ASSIGNMENT |
With the pictures left out, write out the records verbatim.

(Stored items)
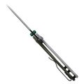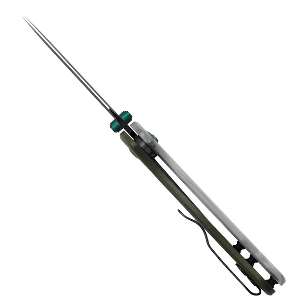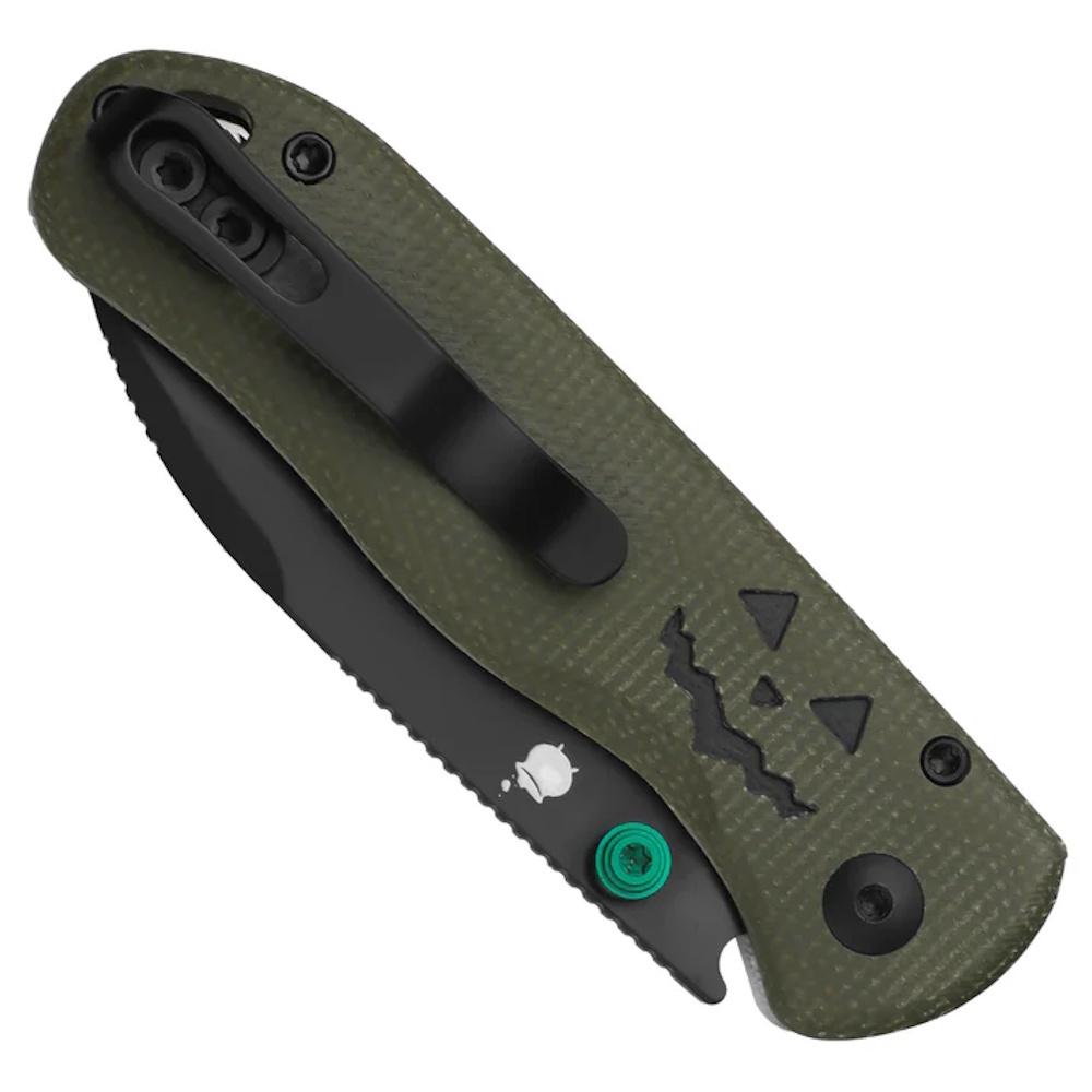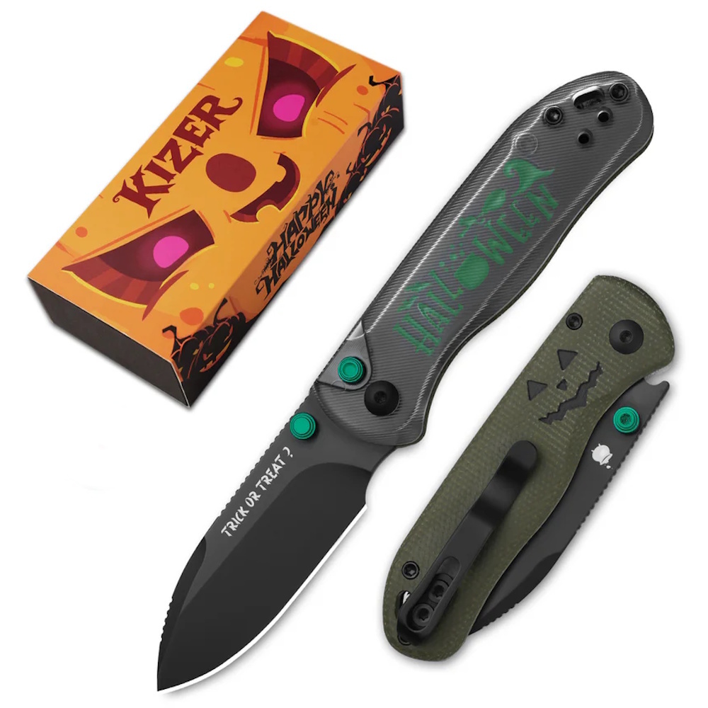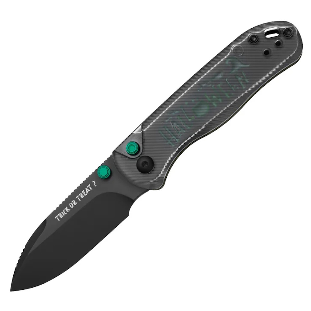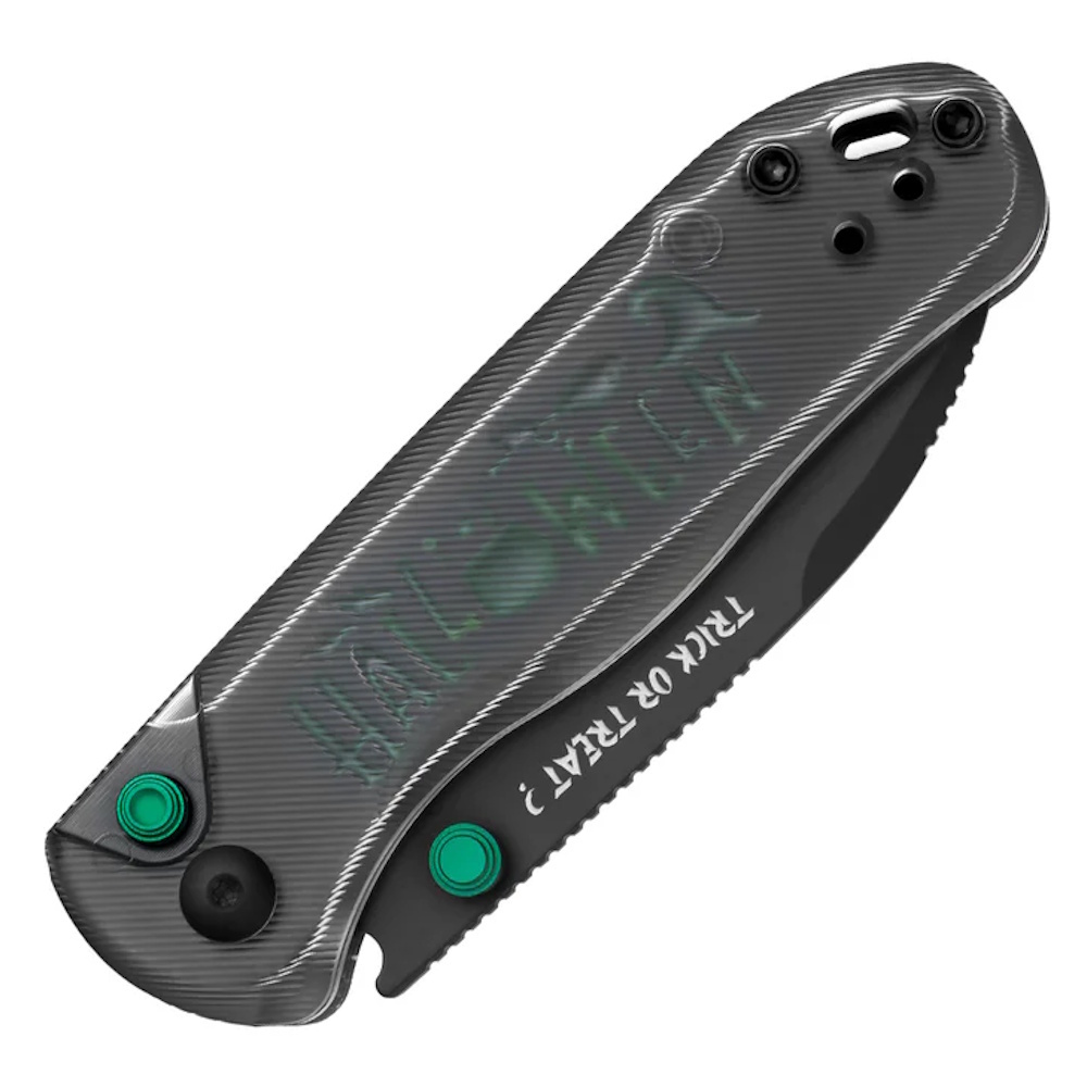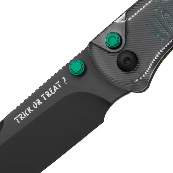 Рукоять - это настоящая душа данной модели. С одной стороны вас встречает узнаваемая улыбка, вырубленная в фактурной зеленой микарте. С другой - прозрачное окошко из акрила, за которым скрывается светящаяся надпись, создающая загадочное свечение в темноте. Изумрудный шпенек и кнопка фиксатора добавляют яркий акцент, завершая этот неповторимый хеллоуинский образ.
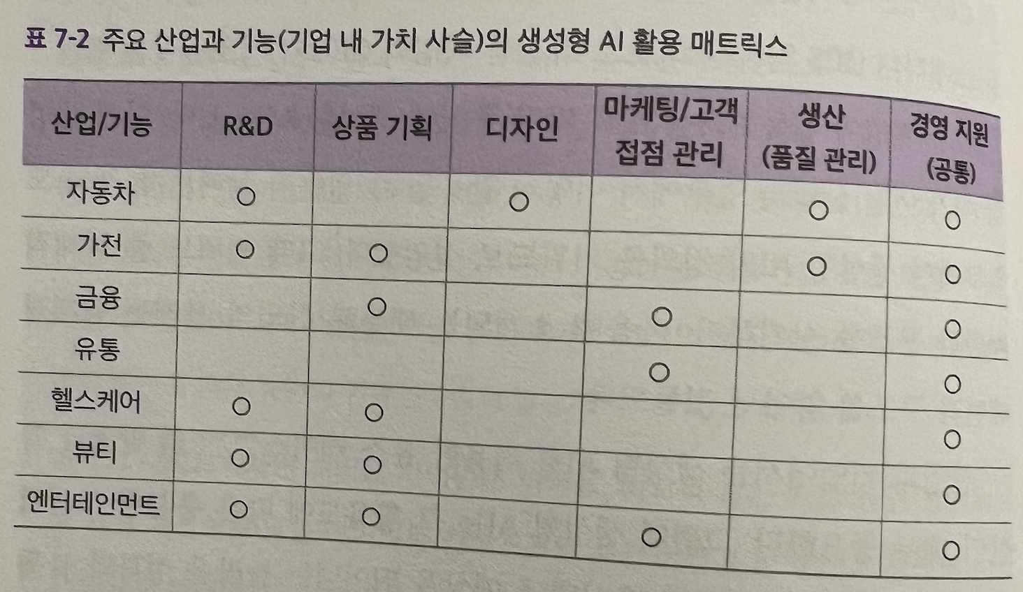 자동차, 가전, 금융등에 산업군별로 설명을 하면서, 실제 AI를 적용가능한 부분에 대한 매트릭스를 구성합니다.
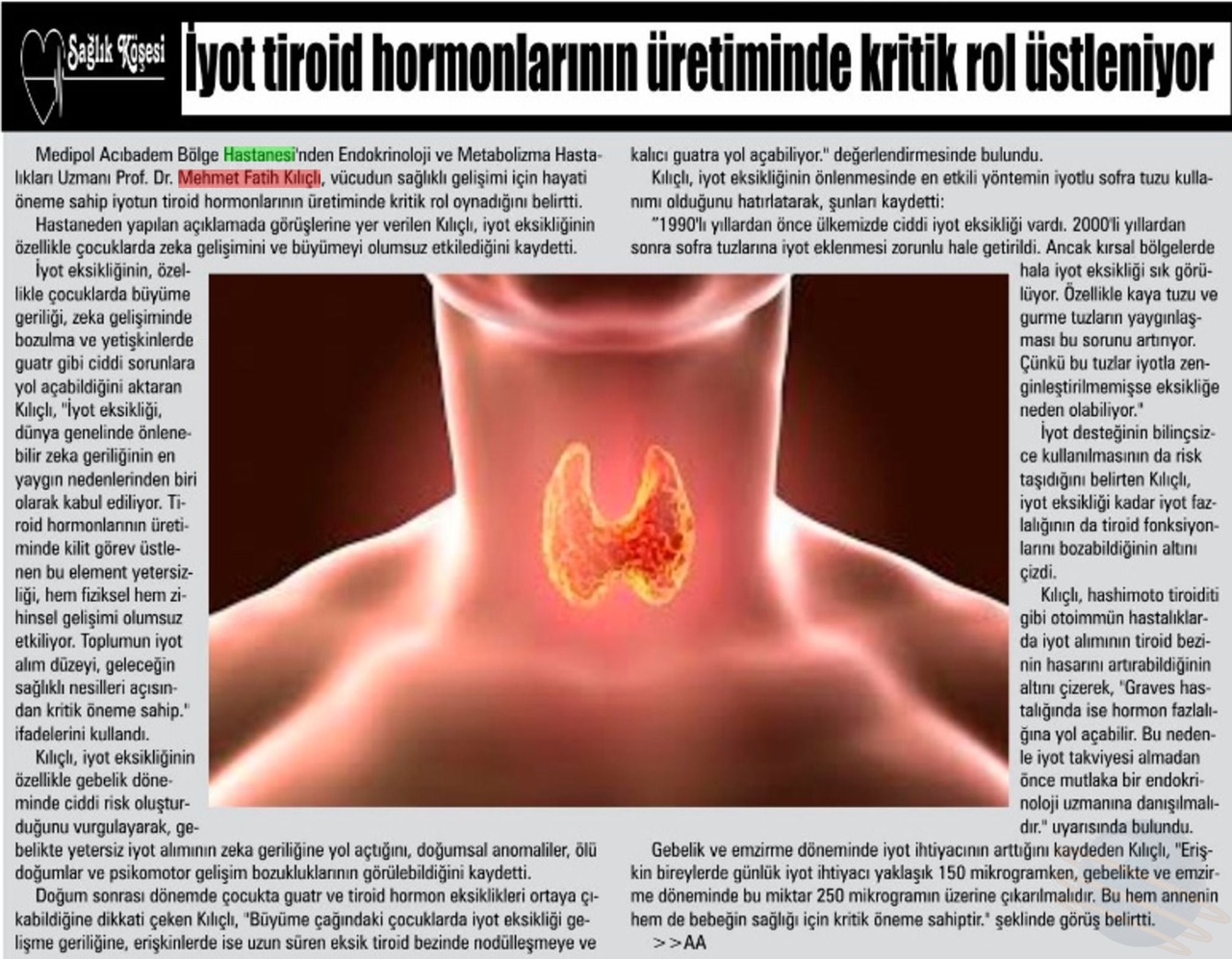 İyot desteğinin bilinçsizce kullanılmasının da risk taşıdığını belirten Prof. Dr. Kılıçlı, “İyot eksikliği kadar iyot fazlalığı da tiroid fonksiyonlarını bozabilir. Hashimoto tiroiditi gibi otoimmün hastalıklarda iyot alımı, tiroid bezinin hasarını artırabilir. Graves hastalığında ise hormon fazlalığına yol açabilir. Bu nedenle iyot takviyesi almadan önce mutlaka bir endokrinoloji uzmanına danışılmalıdır.”
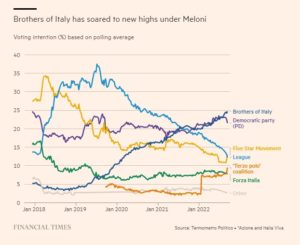 Se olisi Italian ensimmäinen äärioikeistolaisen hallinnon kokeilu fasistisen diktaattorin Benito Mussolinin jälkeen, yhteensä 69 ideologisesti erilaisen hallituksen jälkeen toisen maailmansodan jälkeen. Monet italialaiset pelkäävät, että henkilökohtaisia ​​vapauksia rajoitetaan ja tilaa demokratialle pienennetään. Toiset ovat huolissaan siitä, että suhteellisen kokemattomalta Italian veljekseltä, jonka ennustetaan johtavan koalitiota, ei ole teknistä pätevyyttä navigoida Italiaa sen nykyisten taloudellisten haasteiden läpi. FT 22.9.2022
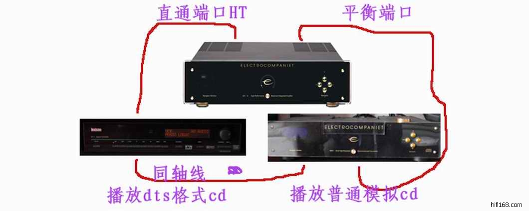 加上东芝42C3000C超高清电视1080P 怎样样把他们组成自己想要的一套系统呢。第一目标 视听以音效为主。这样只能在我的hifi系统上进行扩展兼容av.由于纯功放没有 音频解码器,必须增加 我选择了 莱思康 LEXICON DC2 .由它作为av的前级。 看图一。
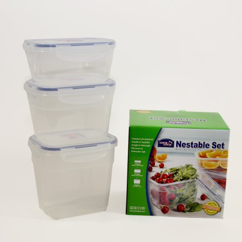 Lock and Lock 7 piece nestable set;Container Capacities;1 x 100ml 1 x 260ml 1 x 520ml 1 x 950ml 1 x 1.6ltr 1 x 2.5ltr 1 x 4ltr. Containers microwave and dishwasher safe nestable effect for easy storage - Russian doll effect;Lock & Lock set;Air tight;Microwave safe (re-heating with lid positioned loosely);Dishwasher safe - top rack only.
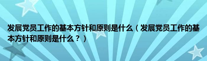 大家好,小安來為大家解答以上問題。發展黨員工作的基本方針和原則是什么,發展黨員工作的基本方針和原則是什么?很多人還不知道,現在讓我們一起來看看吧!

YOUR SOLUTION |
 Рукоять - это настоящая душа данной модели. С одной стороны вас встречает узнаваемая улыбка, вырубленная в фактурной зеленой микарте. С другой - прозрачное окошко из акрила, за которым скрывается светящаяся надпись, создающая загадочное свечение в темноте. Изумрудный шпенек и кнопка фиксатора добавляют яркий акцент, завершая этот неповторимый хеллоуинский образ.
 자동차, 가전, 금융등에 산업군별로 설명을 하면서, 실제 AI를 적용가능한 부분에 대한 매트릭스를 구성합니다.
 İyot desteğinin bilinçsizce kullanılmasının da risk taşıdığını belirten Prof. Dr. Kılıçlı, “İyot eksikliği kadar iyot fazlalığı da tiroid fonksiyonlarını bozabilir. Hashimoto tiroiditi gibi otoimmün hastalıklarda iyot alımı, tiroid bezinin hasarını artırabilir. Graves hastalığında ise hormon fazlalığına yol açabilir. Bu nedenle iyot takviyesi almadan önce mutlaka bir endokrinoloji uzmanına danışılmalıdır.”
 Se olisi Italian ensimmäinen äärioikeistolaisen hallinnon kokeilu fasistisen diktaattorin Benito Mussolinin jälkeen, yhteensä 69 ideologisesti erilaisen hallituksen jälkeen toisen maailmansodan jälkeen. Monet italialaiset pelkäävät, että henkilökohtaisia ​​vapauksia rajoitetaan ja tilaa demokratialle pienennetään. Toiset ovat huolissaan siitä, että suhteellisen kokemattomalta Italian veljekseltä, jonka ennustetaan johtavan koalitiota, ei ole teknistä pätevyyttä navigoida Italiaa sen nykyisten taloudellisten haasteiden läpi. FT 22.9.2022
 加上东芝42C3000C超高清电视1080P 怎样样把他们组成自己想要的一套系统呢。第一目标 视听以音效为主。这样只能在我的hifi系统上进行扩展兼容av.由于纯功放没有 音频解码器,必须增加 我选择了 莱思康 LEXICON DC2 .由它作为av的前级。 看图一。
 Lock and Lock 7 piece nestable set;Container Capacities;1 x 100ml 1 x 260ml 1 x 520ml 1 x 950ml 1 x 1.6ltr 1 x 2.5ltr 1 x 4ltr. Containers microwave and dishwasher safe nestable effect for easy storage - Russian doll effect;Lock & Lock set;Air tight;Microwave safe (re-heating with lid positioned loosely);Dishwasher safe - top rack only.
 大家好,小安來為大家解答以上問題。發展黨員工作的基本方針和原則是什么,發展黨員工作的基本方針和原則是什么?很多人還不知道,現在讓我們一起來看看吧!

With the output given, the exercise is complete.